眾大臣看看衛王再看看晉南王,手足無措,不知道這衛王是該跪還是不該跪。
不過還是有那麼幾個大臣,以左相沈非為首,不懼晉南王的威壓,照常對衛王下跪,山呼萬歲。他們幾人的行為倒是在站立的眾大臣的映襯下顯得特別突兀。
晉南王抬眼看了一眼這幾人,冷哼一聲,道:“你們還站著做什麼,衛王在此,還不下跪?”
眾大臣聽聞此言,都紛紛下跪,不過確實什麼都不敢說。
衛王也是修為極高的老狐狸,面色如常來到王座上,撩開衣擺坐下,沒有太監侍奉,就只有親自喊:“都平身。”

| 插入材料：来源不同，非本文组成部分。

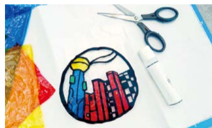
マンホールふたのデザインイメージ

4月にリニューアルオープンした下水道科学館で、マンホールふたのデザインや水のおもしろ実験など、子どもや親子で楽しめるイベントを多数開催。日時はプ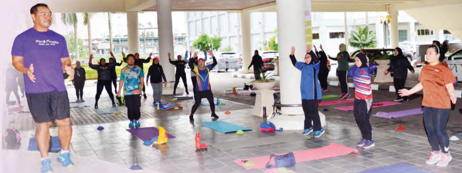
BAGI mengenang dan menghargai jasa-jasa guru, HSN Fitness menganjurkan 'Tabata Workout' secara percuma buat kali kedua pada tahun ini untuk insan-insan yang bergelar guru yang diadakan di kawasan Stadium Tertutup, Kompleks Sukan Negara Hassanal Bolkiah.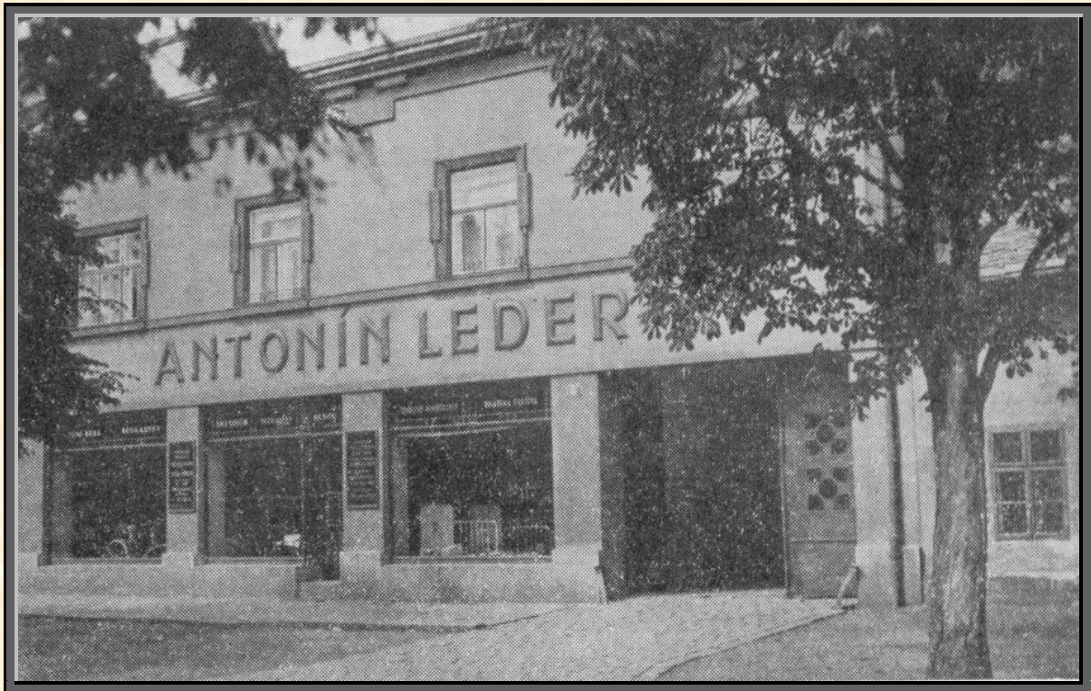
Firma Antonín Leder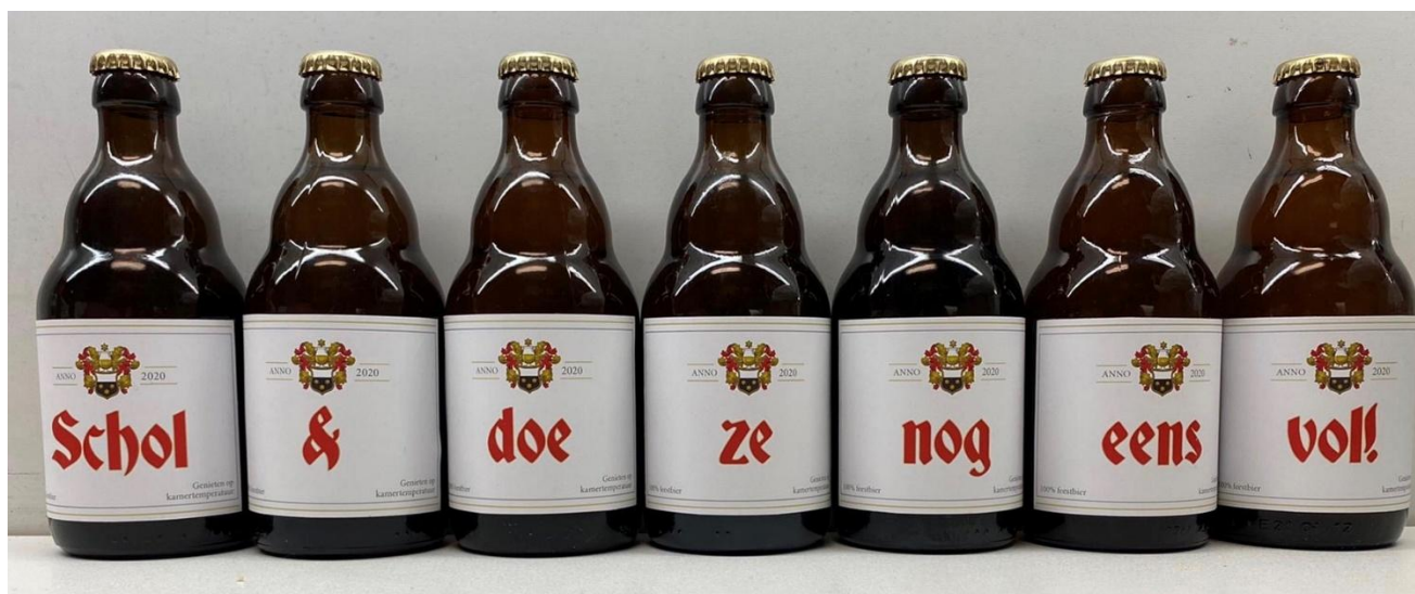
(website van brouwerij Moorgat - DUVEL)

Dat we dit allen samen nog lang mogen meemaken.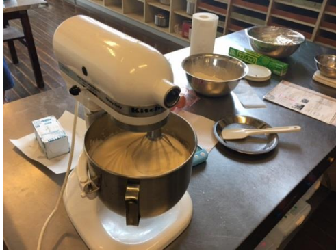
食品班にてシフォンケーキを作っています

沈非等人聽聞此言就紛紛站起,剩下的人卻是看一眼晉南王,見他點頭才敢站起。
衛王挺直脊背,沒有說話。
晉南王終於開口,“今日來此,本王先不議政事,只問王上幾個問題。”
衛王道:“晉南王有何問題”
這時外間忽然傳來一陣喧譁,隨後晉南王的人駕著一個披頭散髮的人過來,正是酗酒過多,有些不清醒的廢太子。他抬著大刀就衝進宮來,還沒闖進來就被制服,被晉南王的人架上來,一腳踢倒跪在地上,跪的方向正是晉南王。
衛王放在龍椅上的手驟然收緊,但卻沒有開口說一句話。
晉南王被這一變故打斷了一下,見人被制服,也就沒有放太多關注,繼續問衛王:“王上可知,本王在北境禦敵之時,曾遭人刺殺?”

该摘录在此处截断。